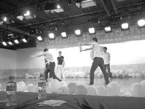 近日,鲁大电视青春励志穿越剧《五维游戏》首映礼暨年度成果展,在五餐四楼会议室举行,鲁大电视台的主要节目主持人和DV剧的主要演员为现场观众献上了精彩的才艺表演。本报记者 孙淑玉 摄
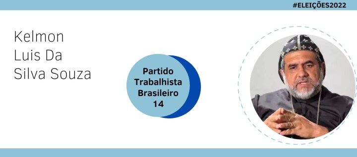 Baiano de 45 anos e candidato à presidência pelo PTB. Fundou e coordena o Movimento Cristão Conservador Latino-Americano e esteve à frente do Movimento Cristão Conservador do PTB. Devido a impugnação da candidatura de Roberto Jefferson pelo Ministério Público Eleitoral (MPE), o PTB nomeou Kelmon Souza para a candidatura.
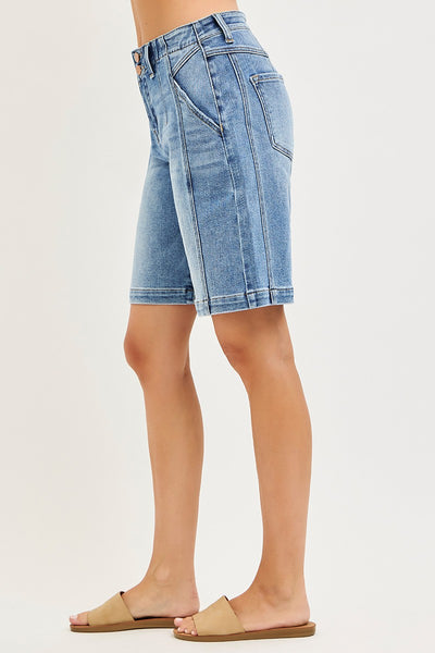 These high-waisted wide-leg denim shorts offer a stylish and comfortable option for warm weather. Crafted from durable denim, they feature a flattering high-waisted design and a fashion wide-leg silhouette. The unique panel detailing and double button closure add a touch of sophistication. Perfect for casual outings or dressing up with a blouse, these denim shorts are a versatile addition to any wardrobe. The light wash denim provides a relaxed and effortless look.
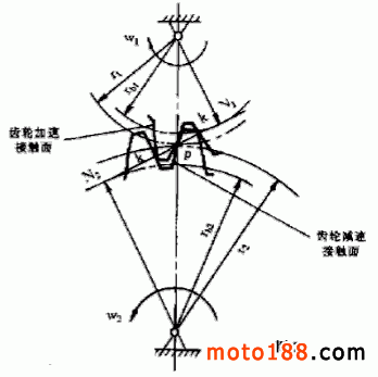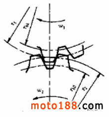 故障:發動機后傳動部分的兩圓錐齒輪齒面磨損嚴重。該故障的表現特征是車輛行駛時,急回油門,發動機內部出現異常響聲。經開箱檢查,發現發動機后傳動部分的兩圓錐齒輪 1 、 2 (見圖1 )的齒面磨損嚴重,齒節以上幾乎磨去 1/3 ,有人懷疑該故障是由于發動機機匣缺潤滑油造成的。
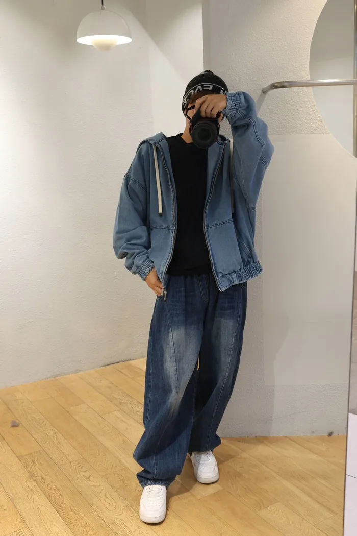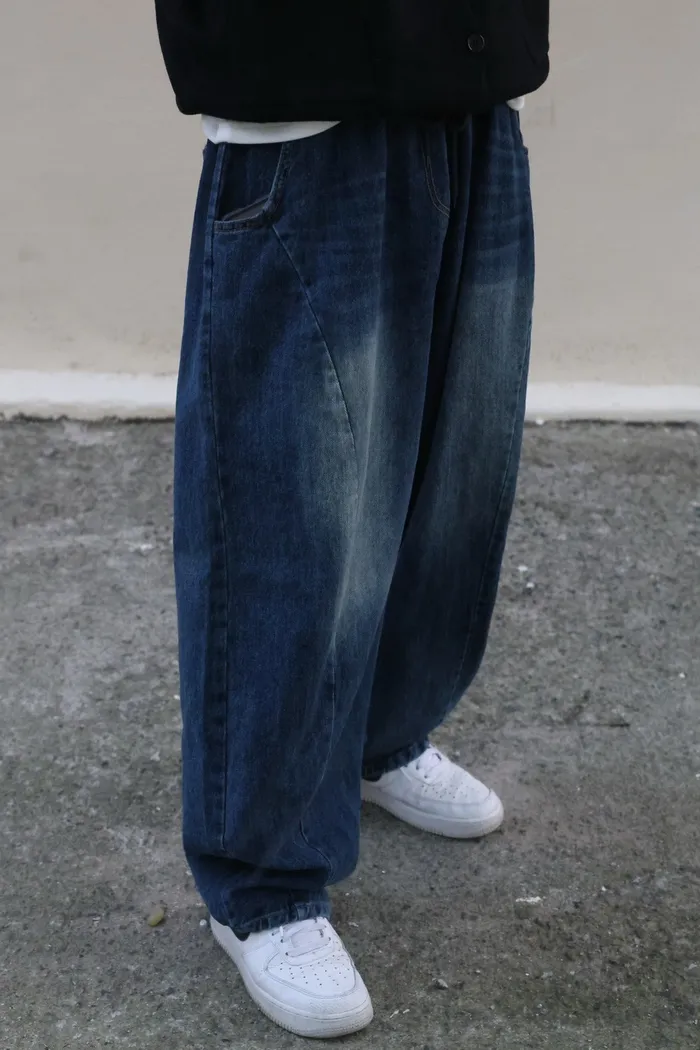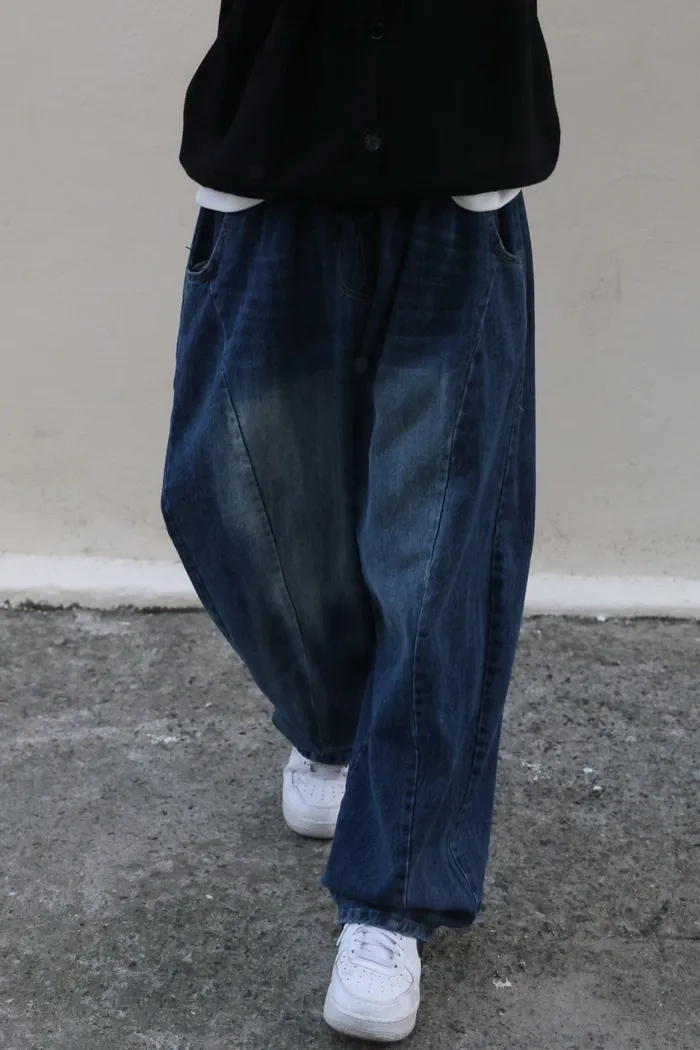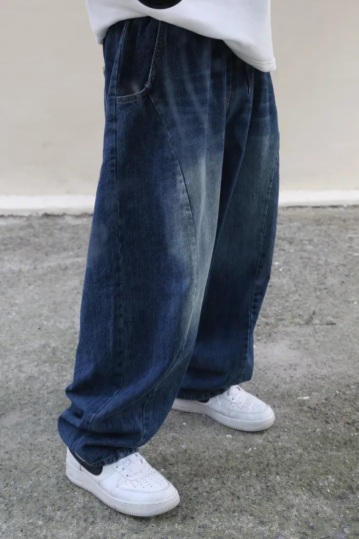 DD39 男裝!全鬆緊繭型3D刷色牛仔褲

━━━━

__TASK ITEM__.
In the copy, only the lines from the one holding "(見圖1 )的齒面磨損嚴重,齒節以上幾乎磨去 1/3 ,有人懷疑該故障是由于發動機機匣缺潤滑油造成的。" through the end of the listing above should appear, retyped exactly, both ends included, with no pictures.

__RESULT__.
 故障:發動機后傳動部分的兩圓錐齒輪齒面磨損嚴重。該故障的表現特征是車輛行駛時,急回油門,發動機內部出現異常響聲。經開箱檢查,發現發動機后傳動部分的兩圓錐齒輪 1 、 2 (見圖1 )的齒面磨損嚴重,齒節以上幾乎磨去 1/3 ,有人懷疑該故障是由于發動機機匣缺潤滑油造成的。
 DD39 男裝!全鬆緊繭型3D刷色牛仔褲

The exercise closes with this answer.